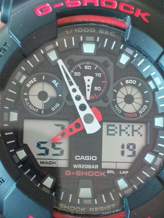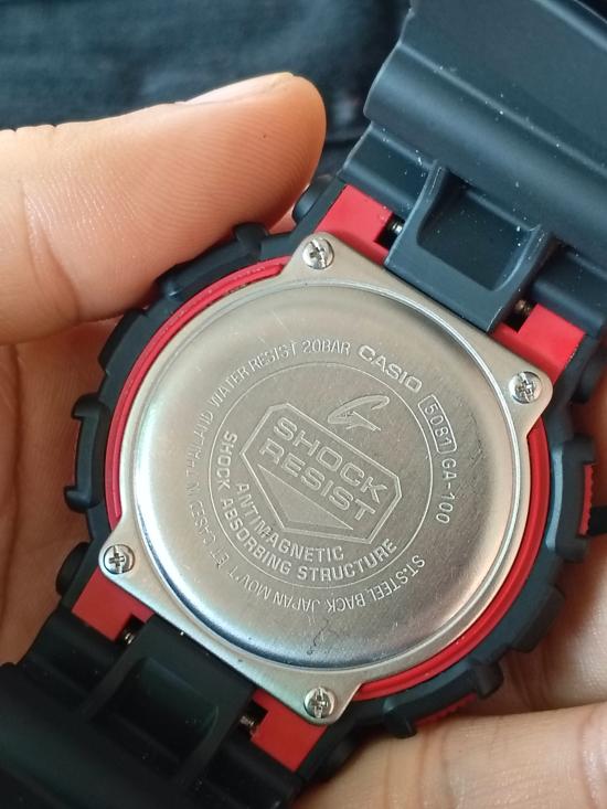 รายละเอียด @นาฬิกา Casio G-Shock รุ่น GA-100-1A4 เปลี่ยนสายมาใหม่ Casio G-Shock รุ่น GA-100-1A4 ตัวเรือนและสายเป็นสีดำด้านตัดกับรายละเอียดสีแดง มีหน้าปัดแบบผสมทั้งอะนาล็อกและดิจิทัล มาพร้อมฟังก์ชันจับเวลา 1/1000 วินาที, มาตรวัดความเร็ว, เวลาโลก, และกันน้ำลึก 20 บาร์
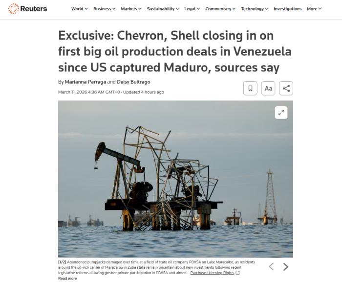 中新网3月11日电(戴悦)在2个月前好意思国政府对委内瑞拉引申军事打击并强行甘休了尼古拉斯·马杜罗总统妻子后,近日,石油巨头雪佛龙和壳牌公司接近与委内瑞拉收尾首批紧要石油坐褥契约。
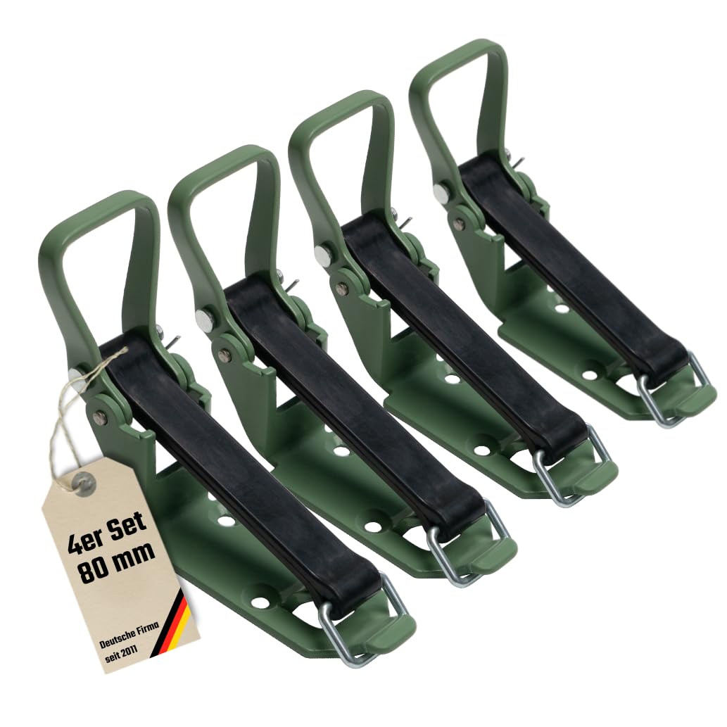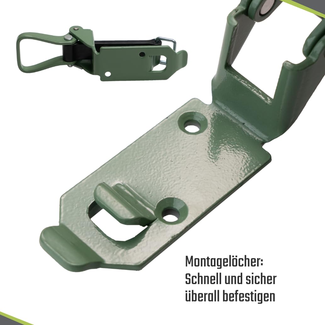 LOADCARE Verschlusslager Schaufelhalter Spatenhalter Axthalter Besenhalter Spannverschluss Geräterhalterung Garten (4 Stück 80 mm olivgrün)
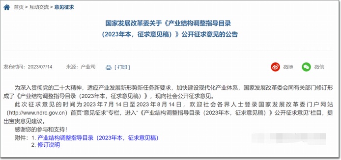 國(guó)家發(fā)展改革委會(huì)同有關(guān)部門(mén)修訂形成了《產(chǎn)業(yè)結(jié)構(gòu)調(diào)整指導(dǎo)目錄(2023年本,征求意見(jiàn)稿)》,現(xiàn)正向社會(huì)公開(kāi)征求意見(jiàn)。此次征求意見(jiàn)的時(shí)間為2023年7月14日至2023年8月14日。
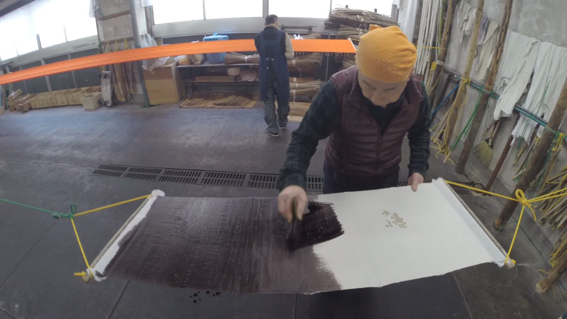 布の模様以外の地の部分を染料を含ませた刷毛で染めていきます。

What you should do: Everything in the entries except the pictures should be returned exactly as given.

Exercise answer:
 รายละเอียด @นาฬิกา Casio G-Shock รุ่น GA-100-1A4 เปลี่ยนสายมาใหม่ Casio G-Shock รุ่น GA-100-1A4 ตัวเรือนและสายเป็นสีดำด้านตัดกับรายละเอียดสีแดง มีหน้าปัดแบบผสมทั้งอะนาล็อกและดิจิทัล มาพร้อมฟังก์ชันจับเวลา 1/1000 วินาที, มาตรวัดความเร็ว, เวลาโลก, และกันน้ำลึก 20 บาร์
 中新网3月11日电(戴悦)在2个月前好意思国政府对委内瑞拉引申军事打击并强行甘休了尼古拉斯·马杜罗总统妻子后,近日,石油巨头雪佛龙和壳牌公司接近与委内瑞拉收尾首批紧要石油坐褥契约。
 LOADCARE Verschlusslager Schaufelhalter Spatenhalter Axthalter Besenhalter Spannverschluss Geräterhalterung Garten (4 Stück 80 mm olivgrün)
 國(guó)家發(fā)展改革委會(huì)同有關(guān)部門(mén)修訂形成了《產(chǎn)業(yè)結(jié)構(gòu)調(diào)整指導(dǎo)目錄(2023年本,征求意見(jiàn)稿)》,現(xiàn)正向社會(huì)公開(kāi)征求意見(jiàn)。此次征求意見(jiàn)的時(shí)間為2023年7月14日至2023年8月14日。
 布の模様以外の地の部分を染料を含ませた刷毛で染めていきます。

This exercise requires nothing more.